Doing the Right Thing
The Inclusive Ownership Program was in the planning stages before last fall, when Newsday published the results of its three-year investigation revealing clear patterns of steering and unequal treatment of minority home shoppers on Long Island, N.Y.
But the release of that troubling report has lit a fire at Coldwell Banker and throughout the industry—and the Black Lives Matter movement has reinforced the urgency to address issues of inequality. Gorman says he and other Coldwell Banker executives have continued conversations with NAREB leaders, as well as leaders and staff at the National Association of REALTORS®, which recently announced its own fair housing action plan and implicit bias training. The plan shifts NAR’s focus from awareness to accountability, culture change, and training.

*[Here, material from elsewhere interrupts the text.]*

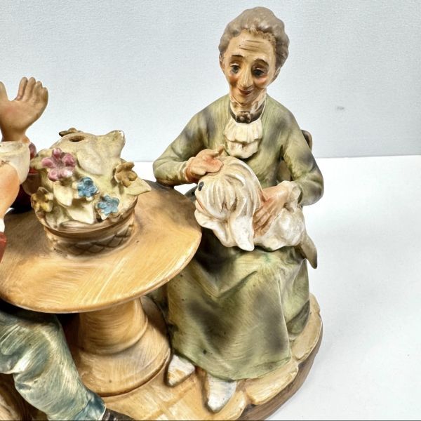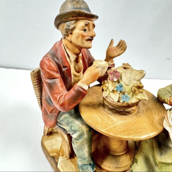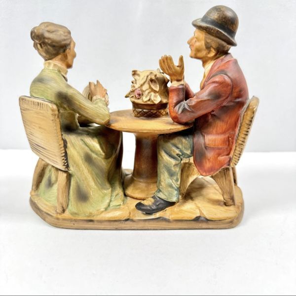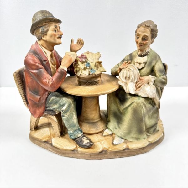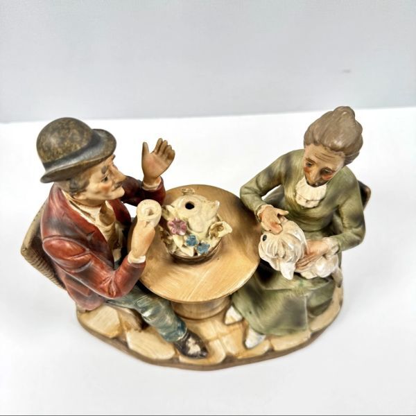 日本製ヴィンテージブランド「NORLEANS JAPAN(ノーリンズ)」の陶器フィギュリンです。 ティータイムを楽しむ老夫婦をモチーフにした温かみのあるデザインで、当時の職人による繊細な彩色と造形が魅力の一品です。

“It is my hope that we treat this not as a moment to merely talk more about diversity and inclusion, but is the beginnings of a movement in which Coldwell Banker and the industry will make real strides,” Gorman says. “We are approaching the starting line, not the finish line.”
While Coldwell Banker’s Inclusive Ownership Program is focused on fostering entrepreneurship, it has equal access to housing at its core.
“I feel very strongly that one of the biggest things we can do to deliver on the promise of fair housing is to have professionals—trusted advisers—working within those communities, helping people understand that homeownership is a possibility,” Gorman says.